Work order: Word for word, and with pictures excluded, copy out all the records that follow.

(Dataset records)
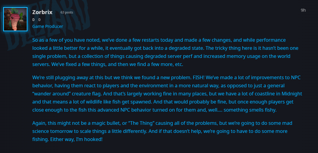 https://www.wowhead.com/news/new-fish-behavior-may-be-the-source-of-the-midnight-beta-lag-379265>change how mobs patrol around slightly>all mobs in water now lag the entire server
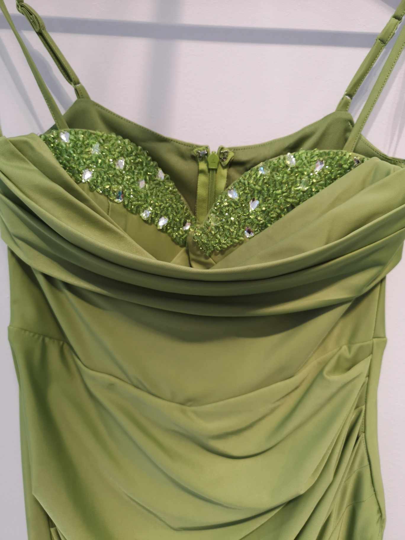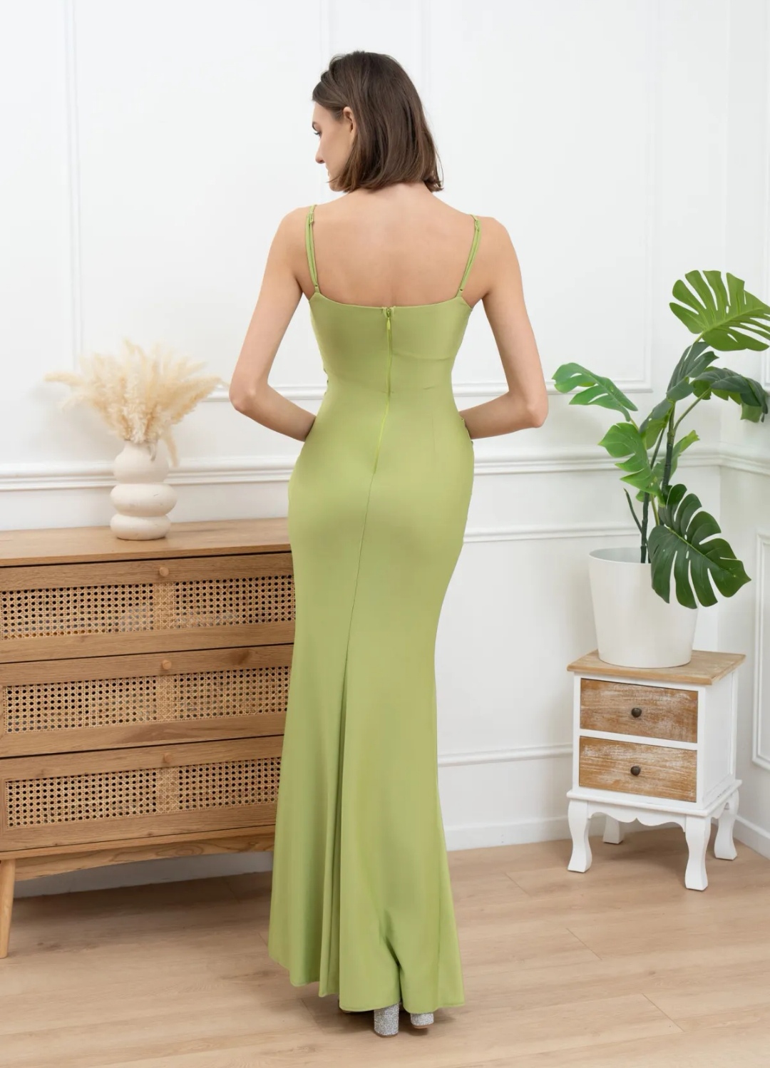 Destaca por sus pedrerías en el escote delantero.
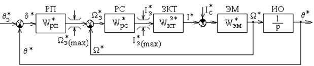 Структурная схема позиционного АЭП в относительных единицах приведена на рисунке 6.9. Сама система осталась 3-х контурной, но мы свернули контур тока.
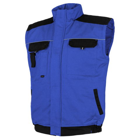 Primo mellény bélelt mellény mellkasi zsebek, mobil- és ceruzatartó zseb tépőzáras zsebek elöl-hátul fényvisszaverő kiegészítők teljes hosszúságú cipzár dekorsávval, a nyakrészen tépőzárral az oldalakon elasztikus gumi a nagy előnye a megerősített vállrés
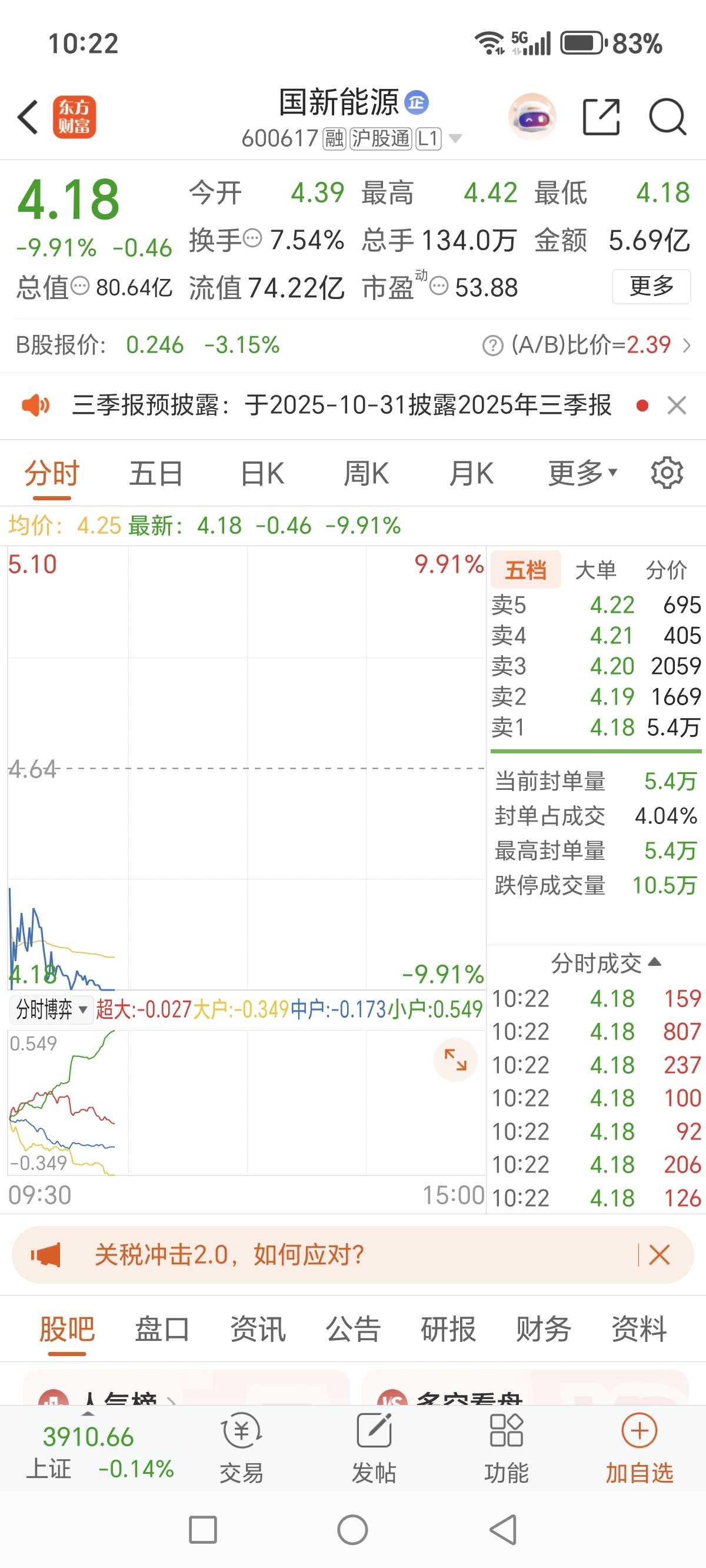 $国新能源(SH600617)$ $上证指数(SH000001)$ 我朋友问我这个股能抄底嘛?我该怎么回答他?
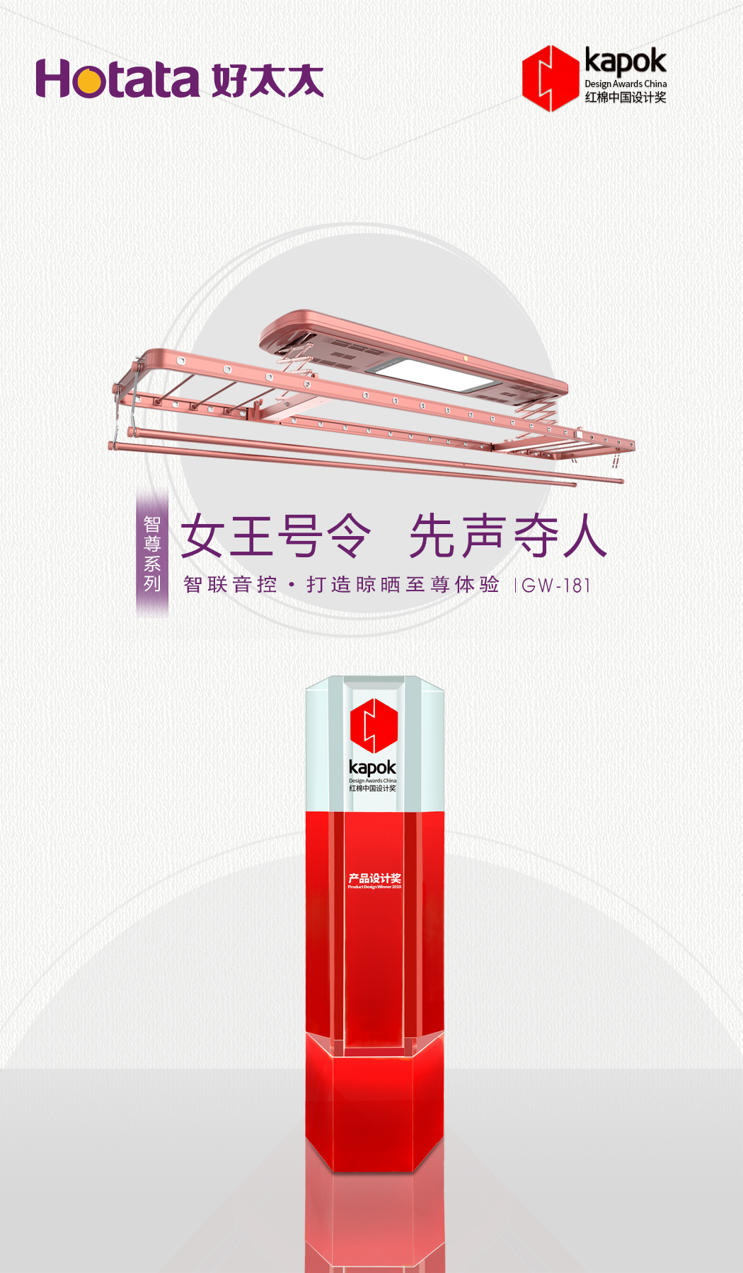 獲評2018紅棉中國設計獎,是好太太集團科技創新和為智能晾曬體驗不懈努力的結果,也是好太太設計力量的體現。

Written response:
 https://www.wowhead.com/news/new-fish-behavior-may-be-the-source-of-the-midnight-beta-lag-379265>change how mobs patrol around slightly>all mobs in water now lag the entire server
 Destaca por sus pedrerías en el escote delantero.
 Структурная схема позиционного АЭП в относительных единицах приведена на рисунке 6.9. Сама система осталась 3-х контурной, но мы свернули контур тока.
 Primo mellény bélelt mellény mellkasi zsebek, mobil- és ceruzatartó zseb tépőzáras zsebek elöl-hátul fényvisszaverő kiegészítők teljes hosszúságú cipzár dekorsávval, a nyakrészen tépőzárral az oldalakon elasztikus gumi a nagy előnye a megerősített vállrés
 $国新能源(SH600617)$ $上证指数(SH000001)$ 我朋友问我这个股能抄底嘛?我该怎么回答他?
 獲評2018紅棉中國設計獎,是好太太集團科技創新和為智能晾曬體驗不懈努力的結果,也是好太太設計力量的體現。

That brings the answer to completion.